Keempat, mendukung program Pemerintah dalam percepatan penyaluran program-program bantuan sosial secara nontunai kepada masyarakat bersama PJSP, melalui akselerasi elektronifikasi penyaluran program-program sosial Pemerintah seperti Program Keluarga Harapan (PKH), Bantuan Pangan Non Tunai (BNPT), Kartu Prakerja, dan Kartu Indonesia Pintar (KIP).
Bank Indonesia mengapresiasi berbagai upaya pelaku Ekonomi dan Keuangan Digital (EKD) untuk mendorong penggunaan pembayaran nontunai, termasuk mendukung program pemerintah dalam menyalurkan dana bantuan sosial melalui pembayaran nontunai.
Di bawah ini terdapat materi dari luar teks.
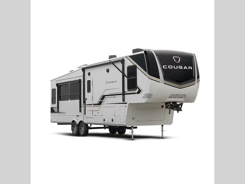 Spend more time having fun and less time worrying about your RV with the Keystone Cougar fifth wheel! These units have all that you will need for excellent vacations. The interior comes hardwood cabinet doors, solid surface kitchen countertops, an Oxygenics shower head and hose, plus a Vent-All window system. You will also appreciate the 12V charging stations throughout, the dual zone Bluetooth audio system, and the on-demand water heater for added comfort. The exterior is also fully outfitted with a convenience center, MaxTurn technology, Lippert axles with anti-lock braking system, and a Curt Road Armor shock absorbing equalizer for smooth towing. Each model is available with the optional Hero Edition. By choosing this edition, you can help support our nation's heros and their families by contributing to the Wounded Warrior Project. This optional package features an industry exclusive full-body paint matte finish, frameless windows, a glass entry door, blackout rims, and green LED exterior accent lighting; see dealer for more details!
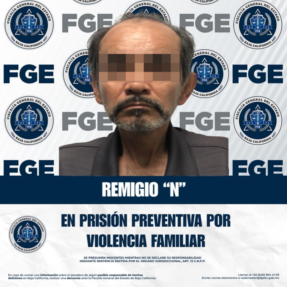 TIJUANA, BAJA CALIFORNIA. - La Fiscalía Regional de Tijuana informó que, a través de las labores realizadas por la Unidad de Investigación con Detenido, se logró obtener la vinculación a proceso con la medida cautelar de prisión preventiva justificada en contra de Remigio “N”, por su probable responsabilidad en el delito de violencia familiar.
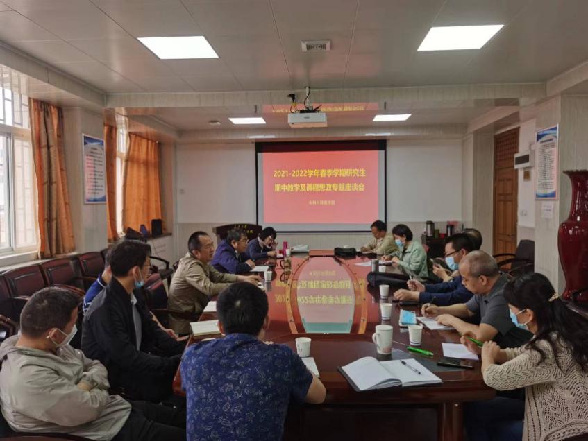 为进一步加强研究生教学过程管理和教学质量监控,交流课程思政建设情况,5月12日,水环学院在学院三楼会议室召开2021-2022学院春季学期研究生期中教学及课程思政专题座谈会。院长白波、副院长段磊、研究生教学督导颜卫亨、刘健、马致远、各系室主任、研究生主管、教务员、教师代表以及各年级研究生代表参加了会议,座谈会由段磊主持。
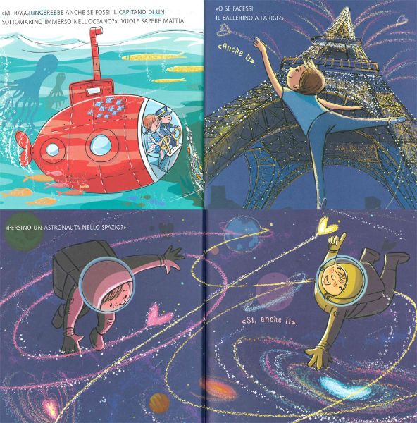 Come si fa a dormire al sicuro quando tra loro e la mamma ci sono addirittura delle pareti di mezzo?! La mamma allora spiega che in realtà lei è sempre con loro perché ad unirli c'è il filo invisibile.
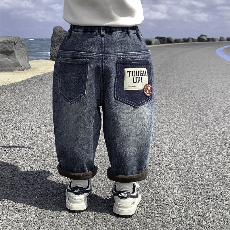 男の子用おしゃれな裏起毛デニムパンツ 秋冬用 2025年新作 女の子用厚手カジュアル冬服 子供用パンツ
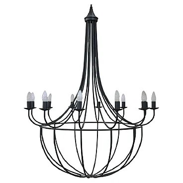 This large chandelier is perfect for spacious rooms, where it can become the focal point without overwhelming the space and providing pleasant lighting. Whether it is a private home or a public space, this iron chandelier will add a touch of unique charm to any environment.
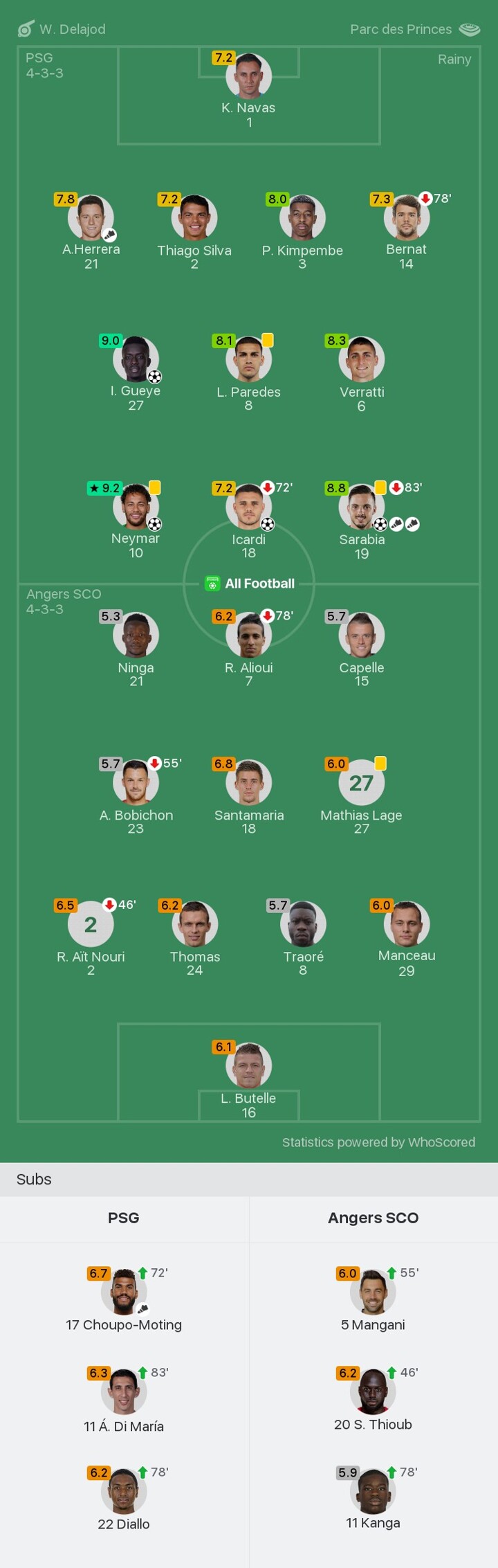 We bring you the player ratings for PSG vs Angers SCO as Neymar becomes Man of the Match with a rating of 9.2.
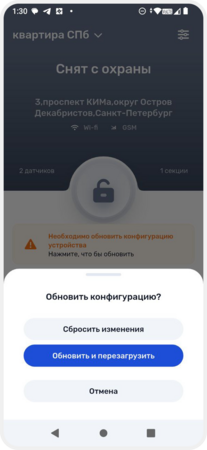 В верхней части появится уведомление «Необходимо обновить конфигурацию устройства» — нажмите на него3. Подтвердите обновление кнопкой «Обновить и перезагрузить»4. Дождитесь окончания обновления. Если передумали, можно нажать «Сбросить изменения»
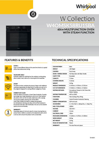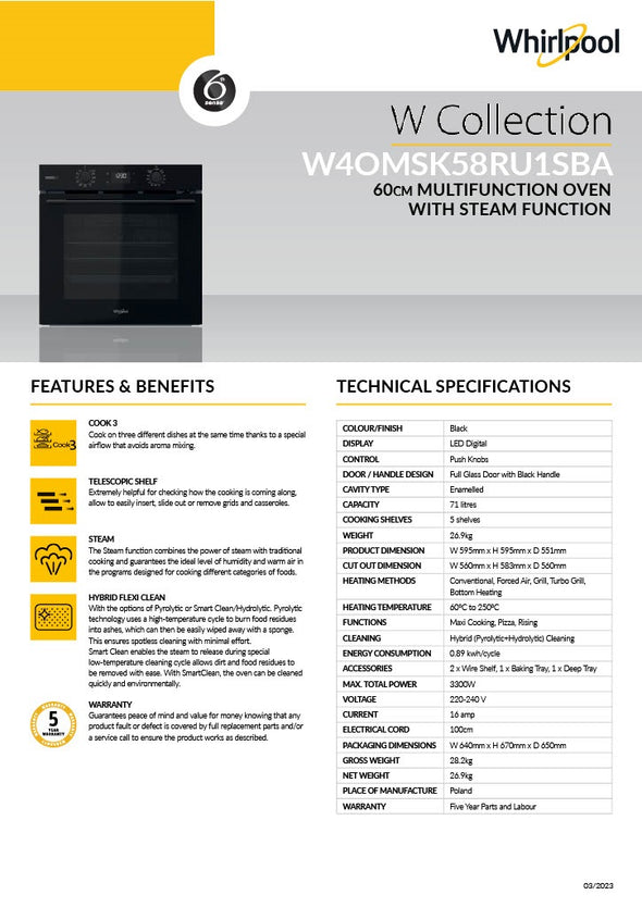 The Whirlpool 60cm Multi-Function Steam Oven in Black is the perfect addition to any modern kitchen. With a 71 Liter Capacity, this oven has enough room to fit multiple dishes at once, making meal prep easier than ever before! Its steam capabilities make cooking flavorful and healthy meals even easier, while it's seven different heating methods provide versatile cooking options for anything you might want to create. The Hybrid (Pyrolytic+Hydrolytic) Cleaning system, enamel cavity, and push control knobs make cleaning a breeze so that you can spend less time scrubbing and more time enjoying your delicious creations. The LED display allows for easy monitoring of your food while the telescopic rails provide additional safety. This oven also boasts featuring special functions such as Cook 3, Maxi Cooking, Pizza, and Rising which enable you to tailor every dish to suit your own tastes. Homeowners who are looking for an oven that will make every dish a work of art need look no further than the Whirlpool 60cm Multi-Function Steam Oven in Black – get yours now!
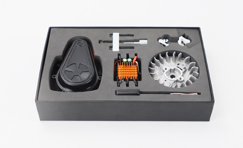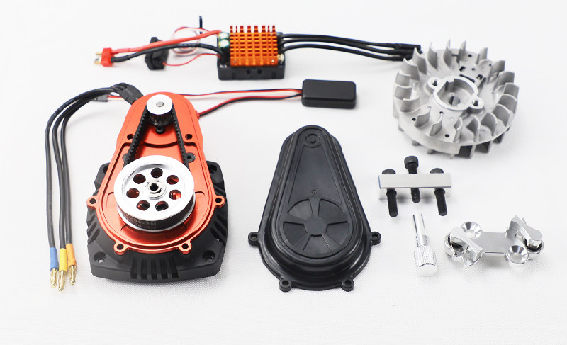 无刷启动系统总装图片:带有 80A 启停电调,一键熄火模块,发动机磁飞轮拆装工具以及磁飞轮
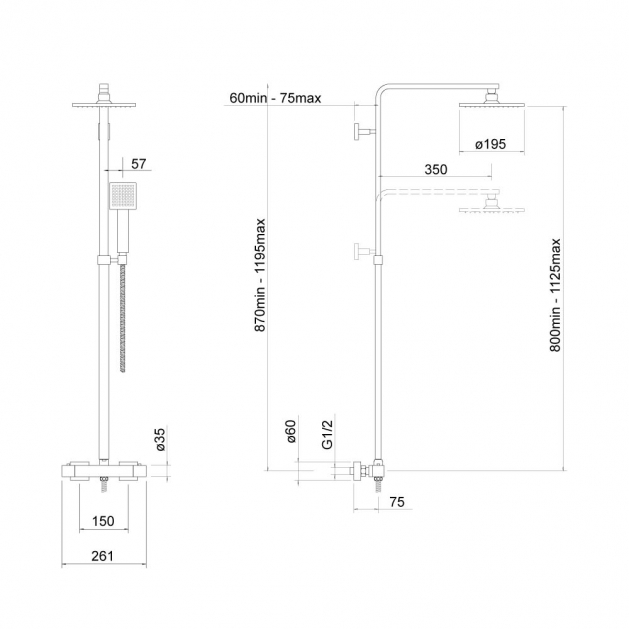 Severn Square Exposed Adjustable Thermostatic Shower - By Voda Design Chrome
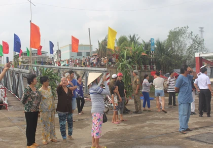 Người dân thích thú ra bến ngắm tàu cao tốc.
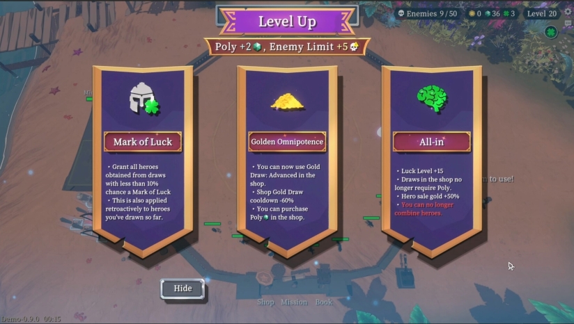 采用低多边形美术风格,以简洁几何图形为核心视觉元素,界面干净直观,战斗效果清晰易懂。色彩搭配协调,无多余视觉杂讯,能让玩家聚焦战场布局与英雄操作,多边形角色与场景随战斗动态呈现,兼顾视觉体验与玩法适配性。
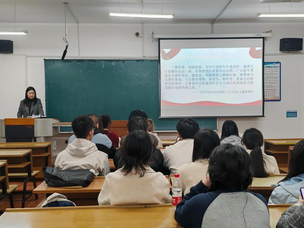 随后,张老师总结概括了习近平总书记对青年的期望和要求。一是志存高远、坚定信念,做有理想的新时代青年;二是勤学敏行、德才兼备,做有本领的新时代青年;三是投身实践、服务社会,做有担当的新时代青年;四是创新创业、勇于开拓,做有力量的新时代青年。同时,团员青年要在生活、工作、学风建设中发挥先锋模范作用。张老师也希望同学们能够坚定共产主义远大理想和中国特色社会主义共同理想,践行全心全意为人民服务的宗旨,以昂扬的斗志担当起时代赋予青年的使命。
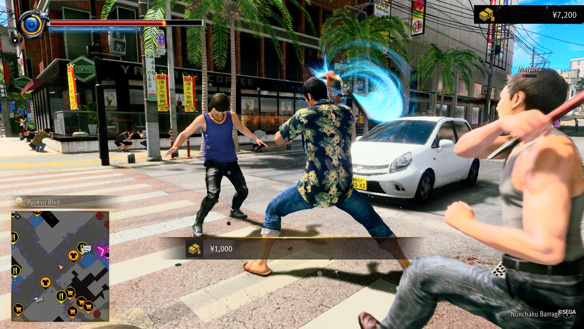 Możliwość przeniesienia bitki z ulicy do marketu to tylko jedna z nowości. Drugą jest kompletnie nowy styl walki, wykorzystujący przedmioty związane z kulturą Okinawy – tonfę, nunczako czy choćby żeglarskie wiosło. Nowy styl świetnie sprawdza się podczas walk z grupami słabszych wrogów. Do tego dzięki małej tarczy w końcu możemy stale chronić się przed pociskami z broni palnej.
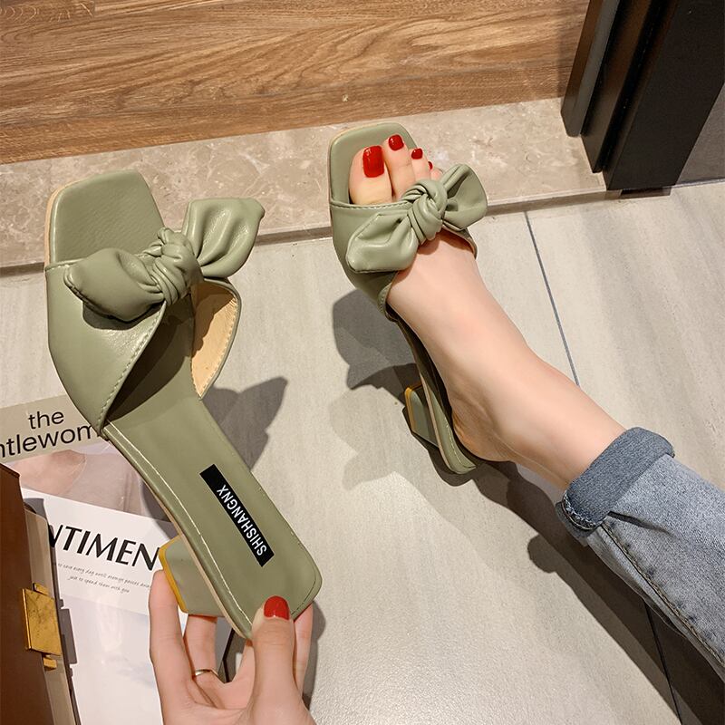 スリッパレディースサンダル2020春カジュアルネットレッドセミドラッグオープントゥハイヒールシューズおしゃれワイルドレディースシューズ 部族の婦人靴6258637
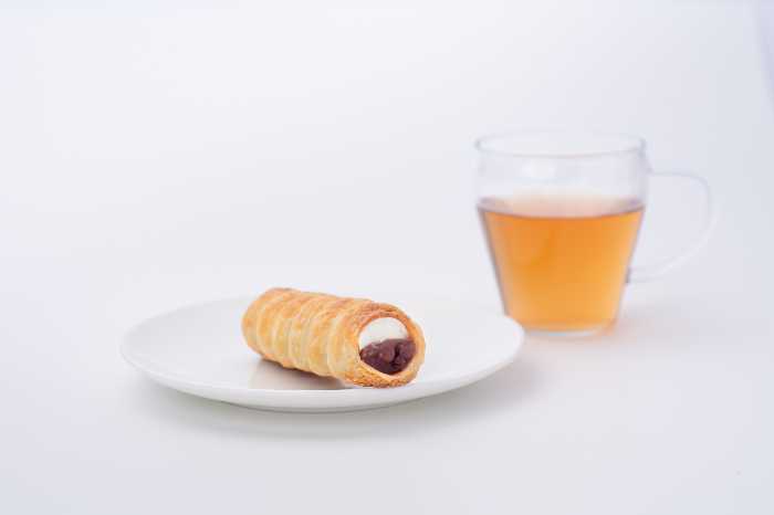 定番人気の「あずきコルネ 和三盆クリーム」も、あずき茶付きセット・単品ともに販売。どちらも北海道産小豆の風味と上品な甘さが魅力です。
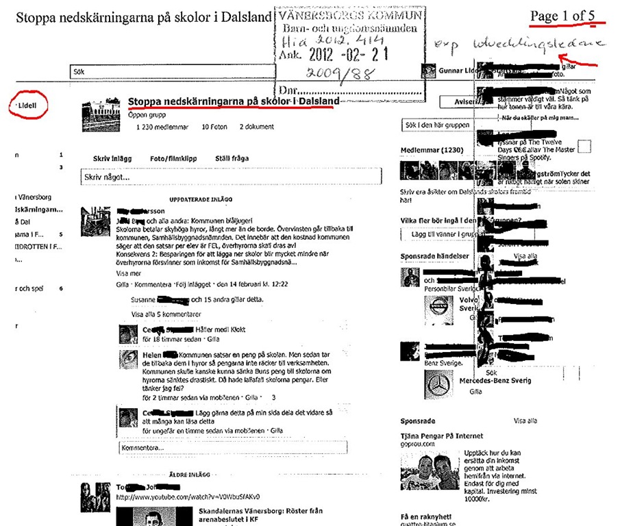 Vad var det då för handling som kommunalrådet Lidell diarieförde? Ja, inte var det en handling som hade inkommit till Vänersborgs kommun! Nej, det var en handling som kommunalrådet hade hämtat från Facebook.
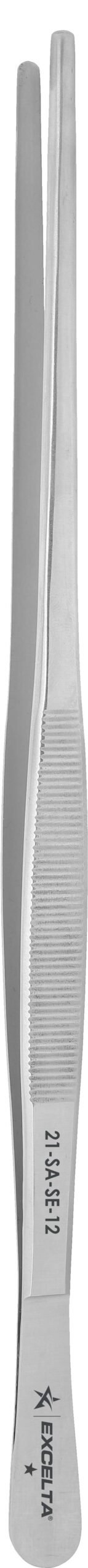 The Excelta 21-SA-SE-12 straight strong serrated tipped tweezer is ideal for general applications. It is made of anti-magnetic stainless steel and has serrated grips for better control. The overall length is 12”.
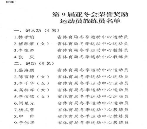 体育资讯4月30日报道宣称 河北省人力资源和社会保障厅、河北省体育局联合发文,对参加第9届亚冬会的河北运动员林孝埈等人实施荣誉奖励。
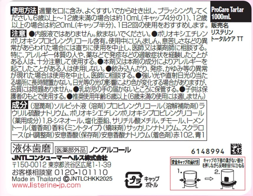 [6個]【医薬部外品】JNTLコンシューマーヘルス 薬用リステリン プロケア 歯石・歯垢ケア 1000ml | 歯科での処置が必要な「歯石」、トラブルのもととなる「歯垢」をおうちで予防ケア

Upaya yang ditempuh pelaku EKD ini tidak hanya mendukung akitivitas ekonomi sehari-hari tetapi juga meningkatkan efisiensi perekonomian.
Di samping itu, dalam rangka mendukung upaya penanggulangan COVID-19 yang dilakukan oleh Pemerintah dalam Pembatasan Sosial Berskala Besar (PSBB) untuk memitigasi penyebaran COVID-19, BI bersama otoritas terkait dan industri berkomitmen menjaga kelancaran layanan sistem pembayaran dengan tetap menyediakan layanan transaksi keuangan dan transaksi pembayaran untuk memfasilitasi kegiatan perekonomian dan kebutuhan masyarakat di tengah upaya penanggulangan pencegahan penyebaran COVID-19.